Maldives poll panel cancels election

Male, Sep 27 (IANS) Embattled Maldives Elections Commission late Friday canceled the second round of voting for the presidential election, setting the stage for politically turbulent times for the Indian Ocean group of islands.

The commission made the announcement after having a last minute meeting to decide whether they could go ahead with the election, which was scheduled to be held Saturday, Xinhua reported.

The Maldives Supreme Court Monday indefinitely postponed the second round runoff sparking protests across the capital city of Male.

The date for the runoff would be announced later, the commission added in a press notice.

The announcement said it was the commission's legal obligation to ensure peaceful elections where the people can exercise their right to vote without violence or unrest.

"However, the current atmosphere in the country is not conducive for a peaceful polls," the commission noted.

It also pointed out that the Supreme Court had ordered the security forces to arrest anyone attempting to defy the court's injunction delaying the runoff until it rules on the case filed by presidential candidate Gasim Ibrahim of the Jumhoory Party (JP).

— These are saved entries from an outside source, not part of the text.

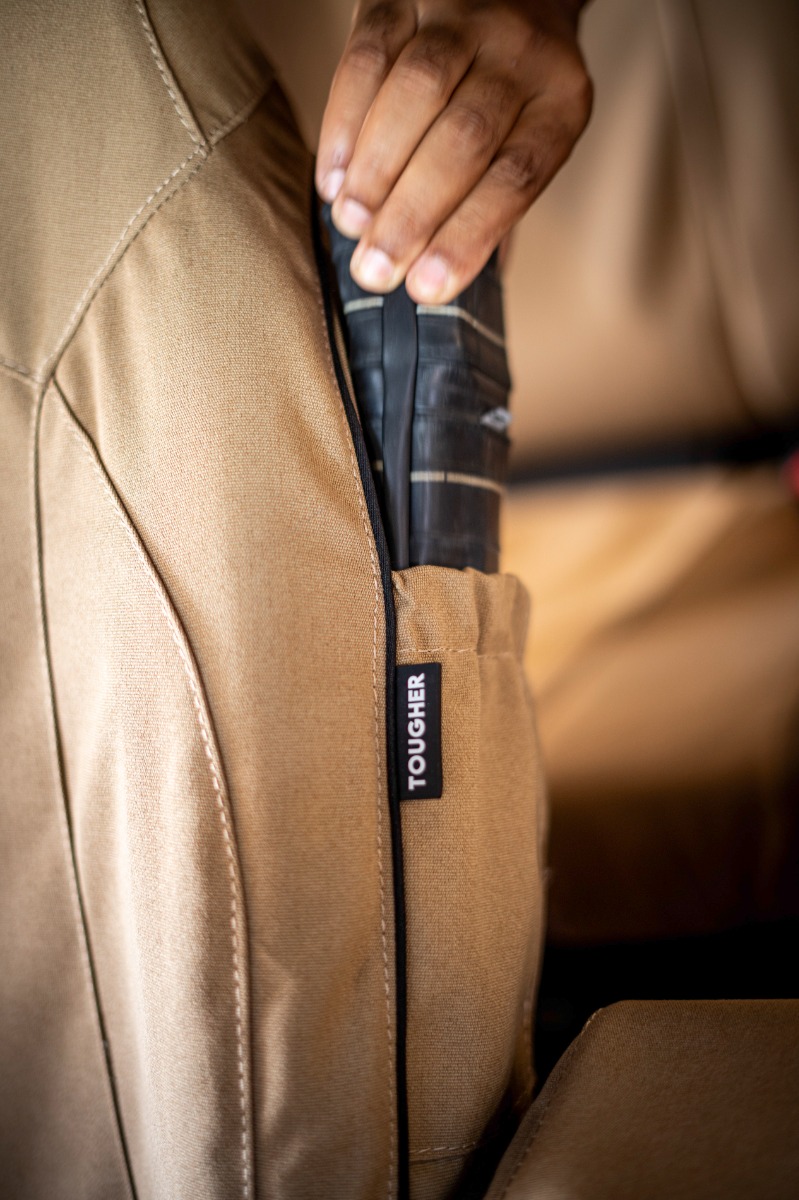 Thougher Seat Covers are luxury-looking protective covers with a sleek, tailored fit for the original front seats and rear bench in your car. The Kit is crafted from highly durable, breathable, and comfortable Polycotton fabric designed to remain in excellent condition even with daily use and in heavy conditions. The Seat Covers are Airbag compatible and available in 2 colors; Light Khaki and Charcoal.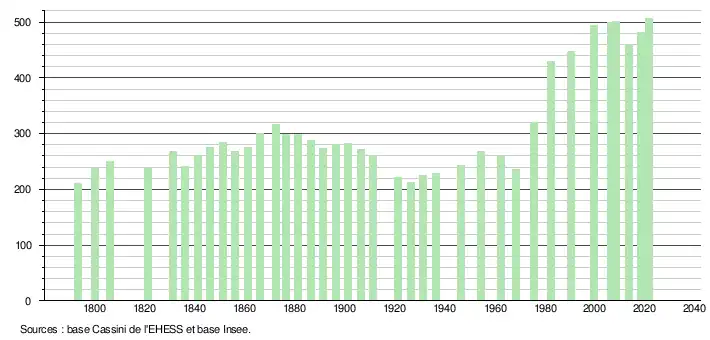 L'évolution du nombre d'habitants est connue à travers les recensements de la population effectués dans la commune depuis 1793. Pour les communes de moins de 10 000 habitants, une enquête de recensement portant sur toute la population est réalisée tous les cinq ans, les populations légales des années intermédiaires étant quant à elles estimées par interpolation ou extrapolation[14]. Pour la commune, le premier recensement exhaustif entrant dans le cadre du nouveau dispositif a été réalisé en 2008[15].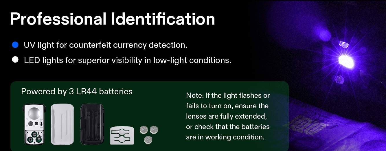 illuminated jewelry loupe has built-in LED light and UV light, powered by 3pcs LR44 batteries; They work well in low light conditions

The Maldives capital was tense Friday evening as thousands of people supportive of former president Mohamad Nasheed, who was controversially ousted from power in 2012, gathered before the country's Supreme Court demanding that postponed presidential elections be held as scheduled Saturday.

Considered to be Maldives' richest man, Gasim came third by a whisker, polling just some 3000 votes less than former autocratic president Abdul Gayoom's half-brother, Abdulla Yamin, who grabbed 25.35 percent of the votes.

Yamin and Nasheed were scheduled to contest Saturday's second round runoff.

Nearly two thousand supporters together with ousted president Mohammad Nasheed filled the street leading to the Supreme Court but was stopped metres from their destination by about 150 riot police and army.

Nasheed, the first democratically elected president in the Indian Ocean group of islands, obtained 45.45 percent of the votes to win the first round of voting.

However, he failed to get a crucial 50 percent mandate that would have negated the need for a second round.

Nasheed's party has pledged continuous protests till a date for the elections is announced and has insisted the first round of voting was free and fair.

Meanwhile, the Commonwealth, the US, the European Union, the UN, India and Australia have called for the swift resumption of polls and have warned of an outbreak of violence if delays continue.